YOUR GOAL — Take the entries below and print only the lines from the one with "Blues musician Taj" through the one with "French troops surrendering", exactly as they stand, both ends included.

DATA —
/---

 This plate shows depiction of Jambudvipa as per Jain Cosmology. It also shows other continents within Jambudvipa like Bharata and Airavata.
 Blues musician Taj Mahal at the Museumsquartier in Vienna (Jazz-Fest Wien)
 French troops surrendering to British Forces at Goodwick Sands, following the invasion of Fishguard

\---
/---

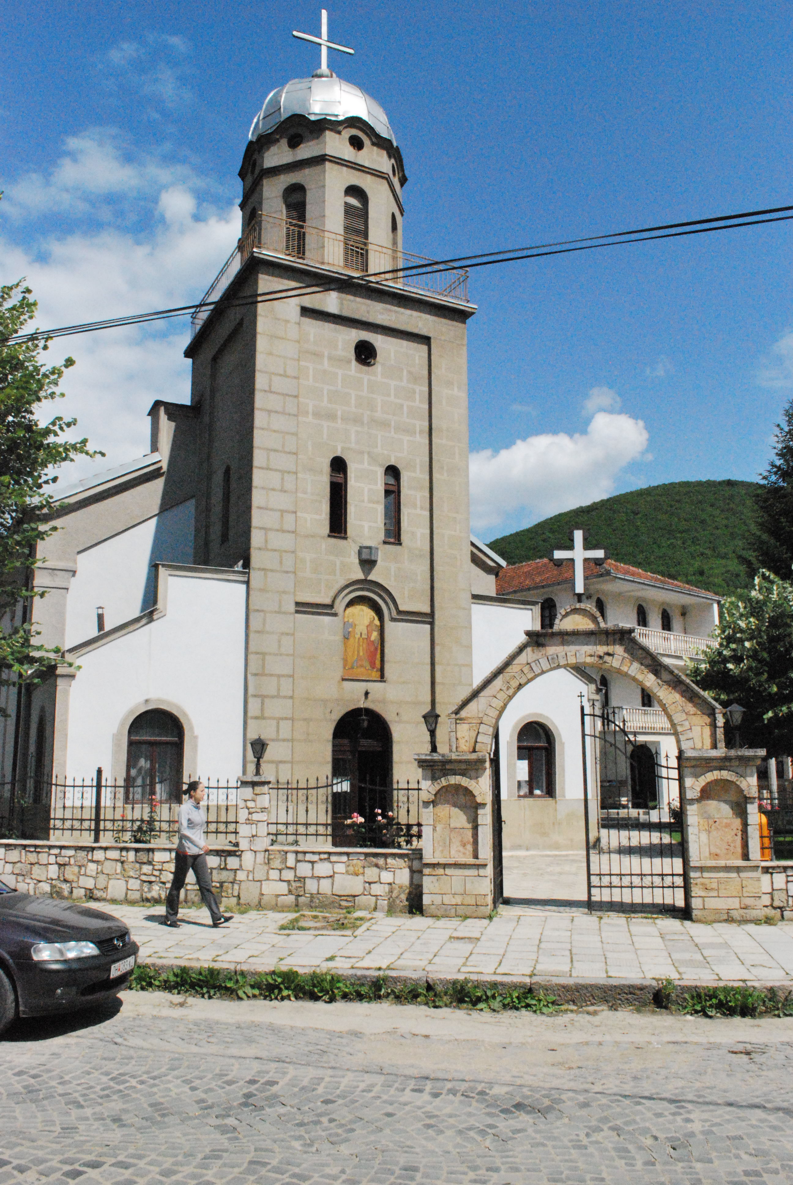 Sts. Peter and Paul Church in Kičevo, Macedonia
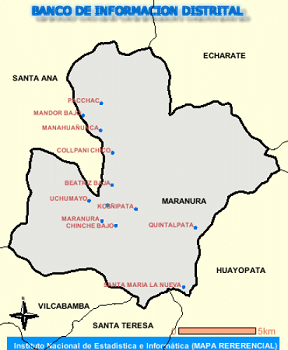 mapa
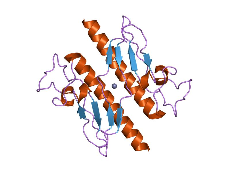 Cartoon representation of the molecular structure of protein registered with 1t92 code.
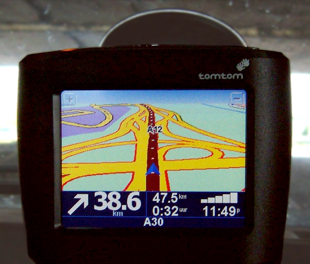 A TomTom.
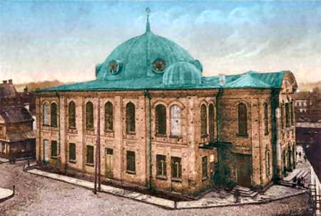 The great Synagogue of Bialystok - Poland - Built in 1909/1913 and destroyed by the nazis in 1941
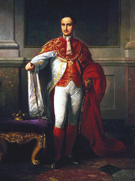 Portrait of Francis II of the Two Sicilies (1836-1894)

\---

WRITTEN REPLY —
 Blues musician Taj Mahal at the Museumsquartier in Vienna (Jazz-Fest Wien)
 French troops surrendering to British Forces at Goodwick Sands, following the invasion of Fishguard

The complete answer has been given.